El concepto comenzó a investigarse en el siglo XIX, ganó popularidad en las décadas de 1960 y 1970 y desde entonces se ha expandido no solo por universidades y organismos públicos de todo el mundo, sino en las preocupaciones —y las experiencias— de cada vez más habitantes del planeta. Hoy el calentamiento global se confirma como uno de los mayores desafíos de la civilización humana.

Wallace Smith Broecker popularizó el término en el artículo publicado en 1975 ‘Calentamiento global: ¿Estamos al borde de un calentamiento global pronunciado?’

Lo que el geofísico estadounidense planteaba como hipótesis lo refrendaba en 2014 el quinto y último ciclo de informes (el sexto se espera para 2021 o 2022) del Grupo Intergubernamental de Expertos sobre Cambio Climático (IPCC), de Naciones Unidas: «El calentamiento en el sistema climático es inequívoco y desde la década de 1950 muchos de los cambios observados no han tenido precedentes en un periodo de decenios a milenios. La atmósfera y el océano se han calentado, los volúmenes de nieve y hielo han disminuido y el nivel del mar se ha elevado».

El calentamiento global avanza rápidamente, «lo que hace muy difícil, tanto para la naturaleza como para las sociedades humanas, adaptarse a las nuevas condiciones», alerta el Ministerio para la Transición Ecológica y el Reto Demográfico del Gobierno de España.

Diferencia entre calentamiento y cambio

Es importante tener en cuenta que aunque se suelen utilizar como sinónimos, los términos ‘calentamiento global’ y ‘cambio climático’ no son lo mismo. En realidad, el segundo engloba al primero, al tratarse de un fenómeno más amplio que se refiere «a los cambios en el estado del clima que pueden identificarse a través de cambios en los valores promedio y/o en la variabilidad de sus propiedades», según define la Convención Marco de Naciones Unidas sobre Cambio Climático (CMNUCC).

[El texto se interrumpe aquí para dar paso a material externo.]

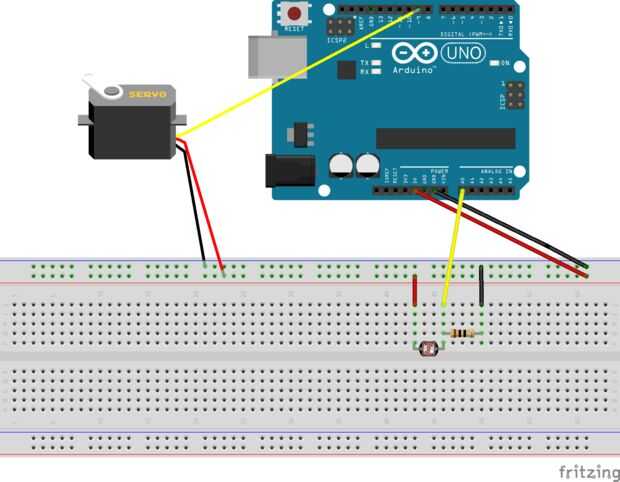 ALS het doosje af es moeten nos gaan denken aan de Arduino hier moet een programmaatje op komen mueren de servo al azar een kant op laat draaien. Programmaatje de dit moet OOK meten de ldr minder licht op vangt zodat nos Kunnan zien de iemand z'n mano er lang haalt.
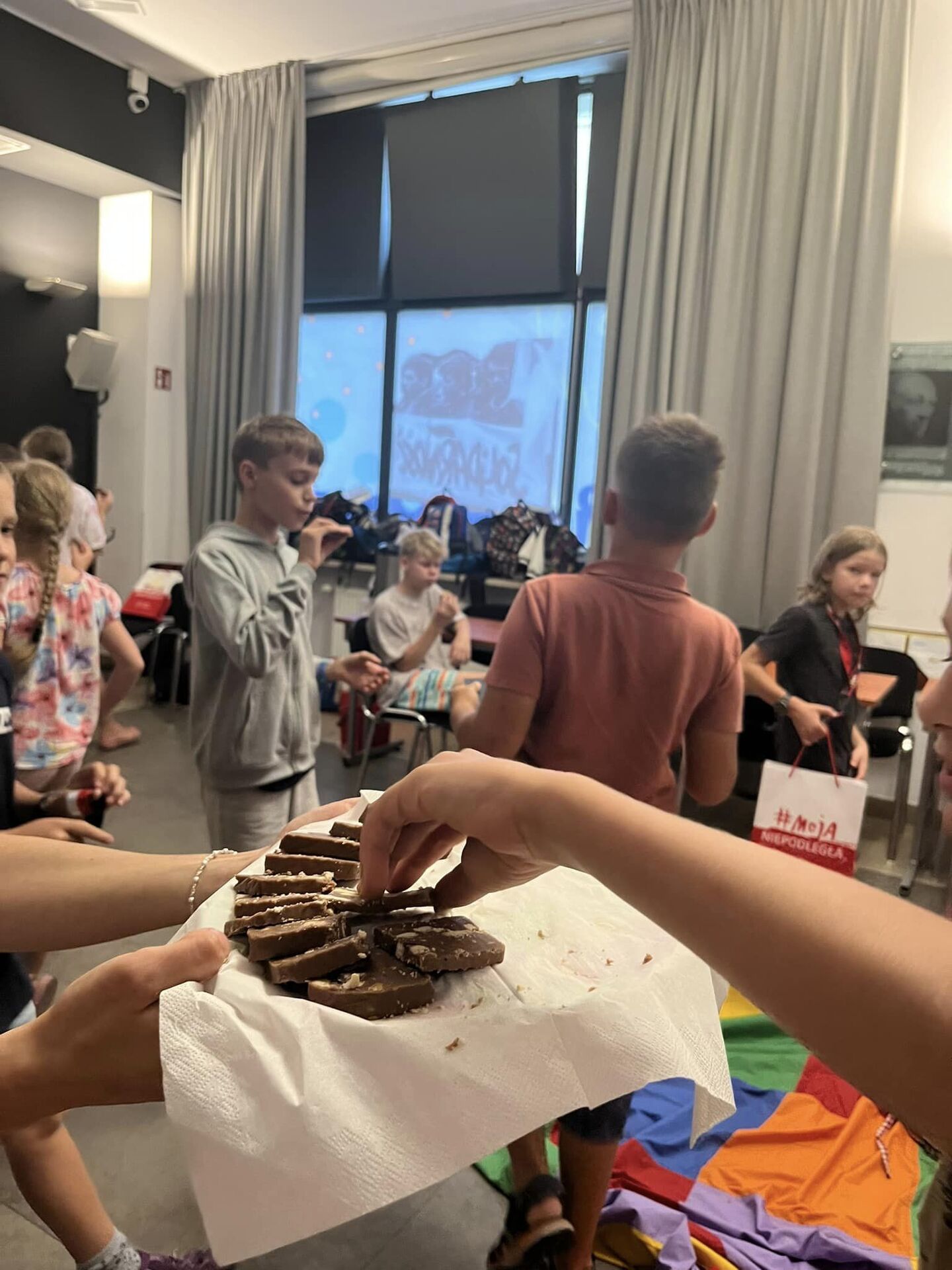 Słodkim uwieńczeniem był blok czekoladowy, czyli rarytas z czasów PRL oraz wizyta w kinie. Ponadto, każdy z uczestników otrzymał grę edukacyjną.
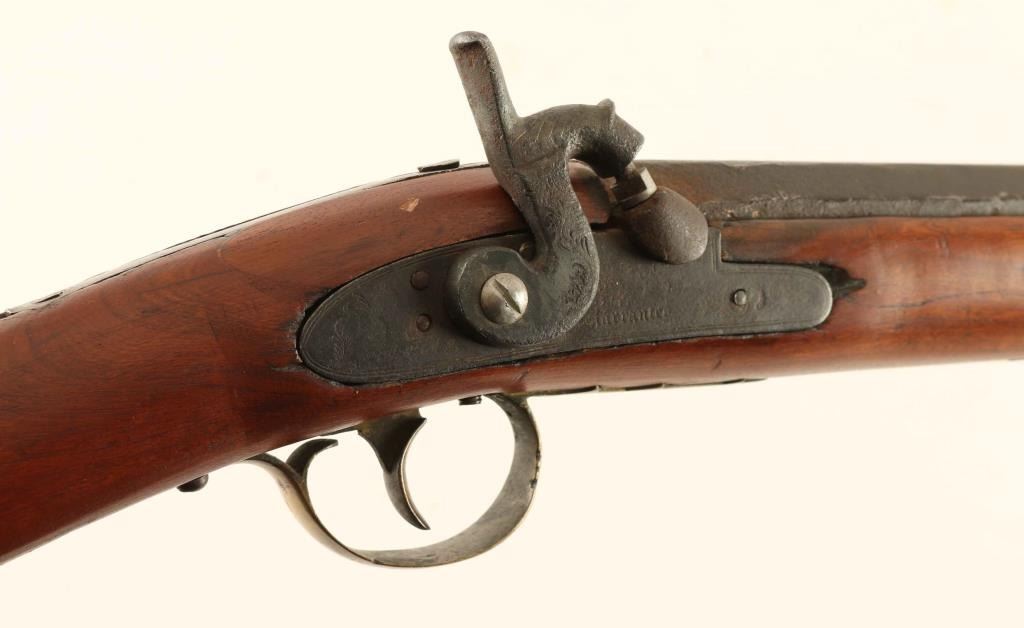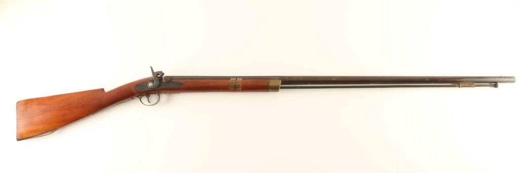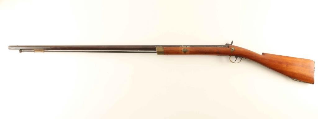 Single-shot percussion, blackpowder rifle. Brown patina finish. One piece wood stock. 37 3/4' barrel. The barrel, lock plate, hammer, and ramrod, appear antique, with age, The stock, and brass furniture appear to be newer replacements. there is a name on the lock plate (unreadable). The nipple is a newer replacement. The hammer has been filed, and is held in place by a newer replacement screw. The one cock hammer works. There is tape holding the barrel to the stock. bore is dark/rusty. Would look nice over the fireplace, but is operable. NRA Condition-Fair. Antique firearm.
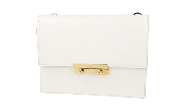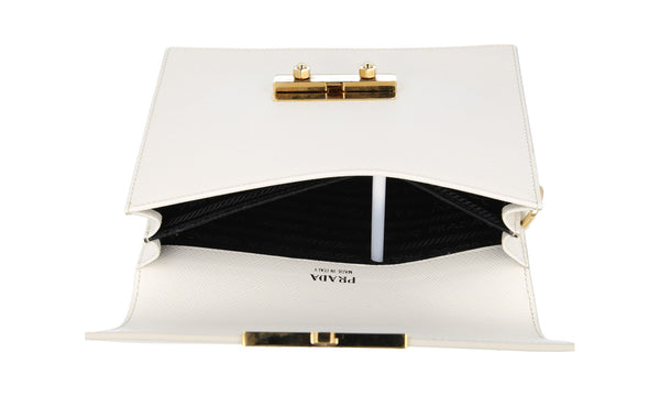 Prada Women's White Saffiano Leather Shoulder Bag 1DH101
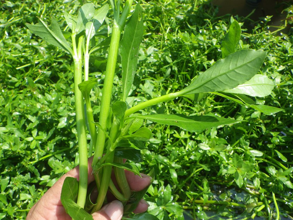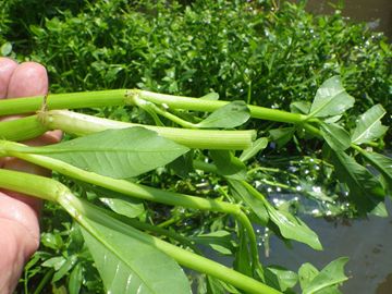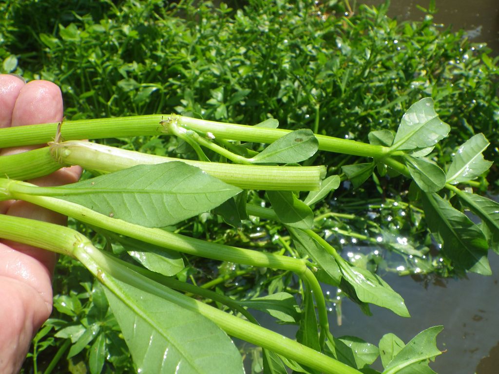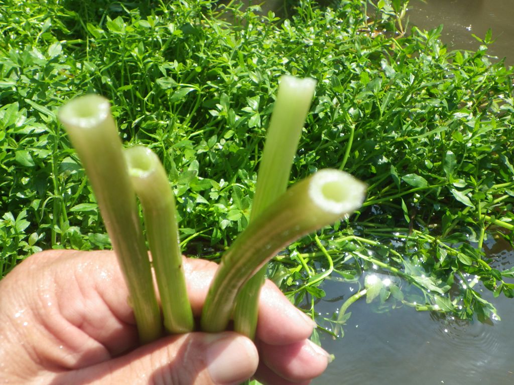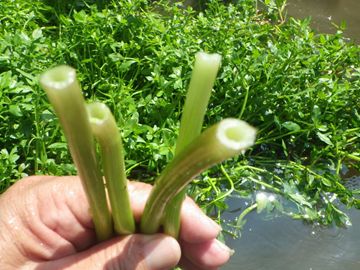【左】茎は空洞 【右】水中の茎。節(ふし)ごとに根が付いている
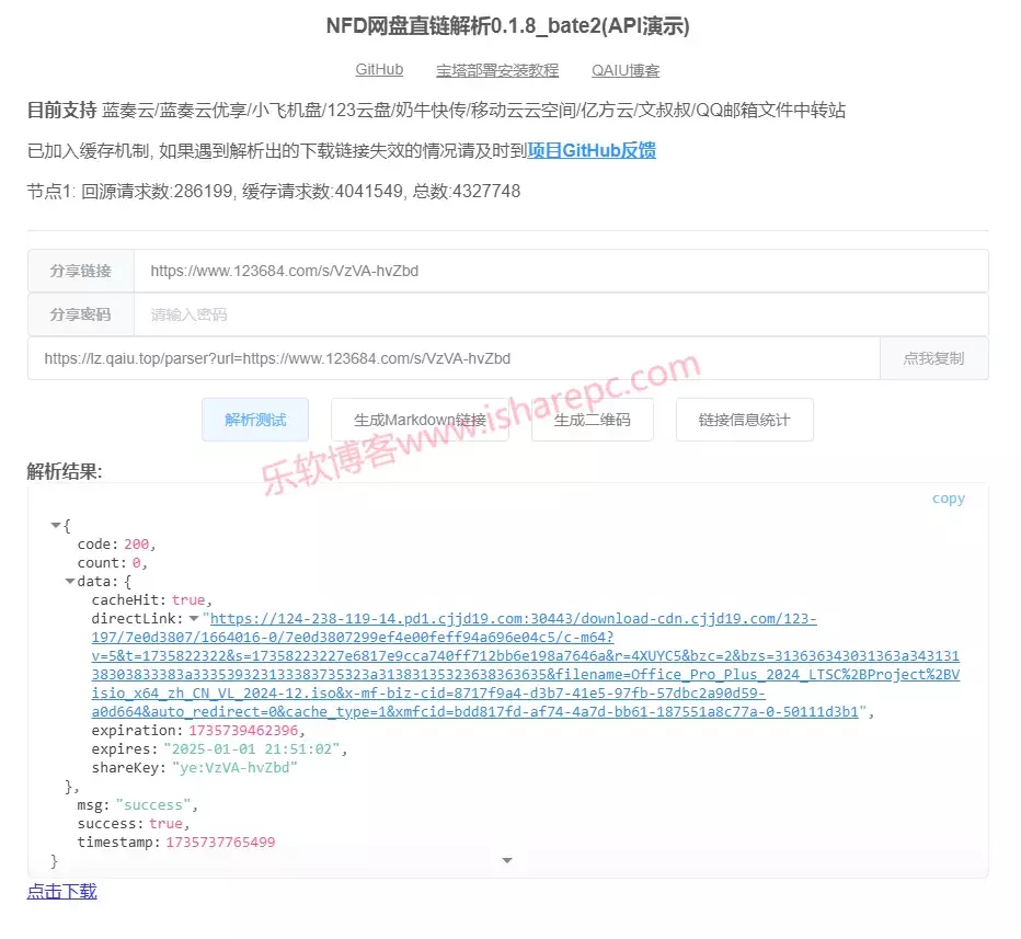 开发者提供了一个在线网址,使用简单,只要把网盘的分享粘贴后,点击解析即可获取到直链。
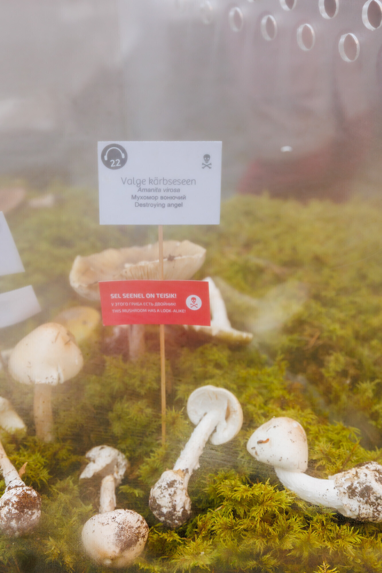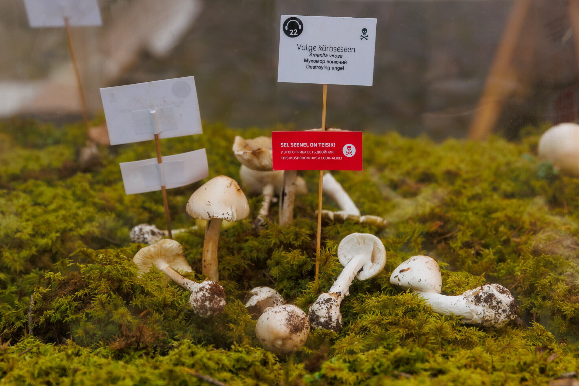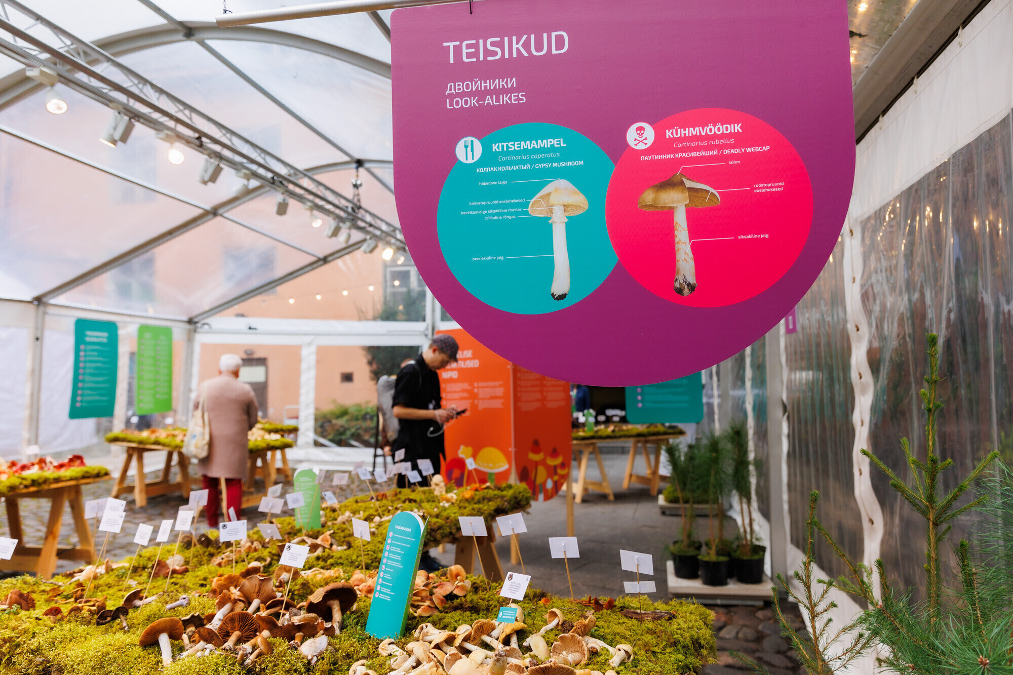 The exhibition teaches visitors about edible, non-edible, and poisonous mushrooms and displays specimens from across Estonia.
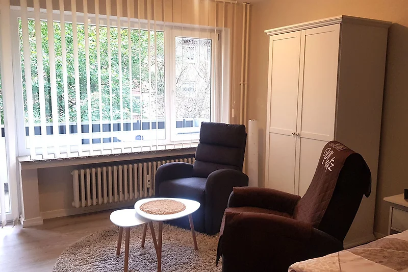 Es verfügt über eine Einbauküche, einen grossen Wohn-/Schlafbereich, Süd-Balkon, einen weiteren Schlafraum mit einem Einzelbett sowie ein modernes Dusch/WC und ist auch für längerfristige berufsbedingte Aufenthalte sehr gut geeignet.

El cambio climático puede ser originado «por procesos naturales internos o por forzamientos externos también naturales como la modulación en los ciclos solares o las erupciones volcánicas. También puede ser causado por cambios inducidos por el hombre de forma persistente en la composición de la atmósfera», amplía la CMNUCC. Y es, en este segundo caso, el de las causas antropogénicas, cuando se habla más específicamente del calentamiento global. Es decir: el cambio climático puede tener causas naturales o antropogénicas, mientras que las causas del calentamiento global son siempre producto de la actividad humana.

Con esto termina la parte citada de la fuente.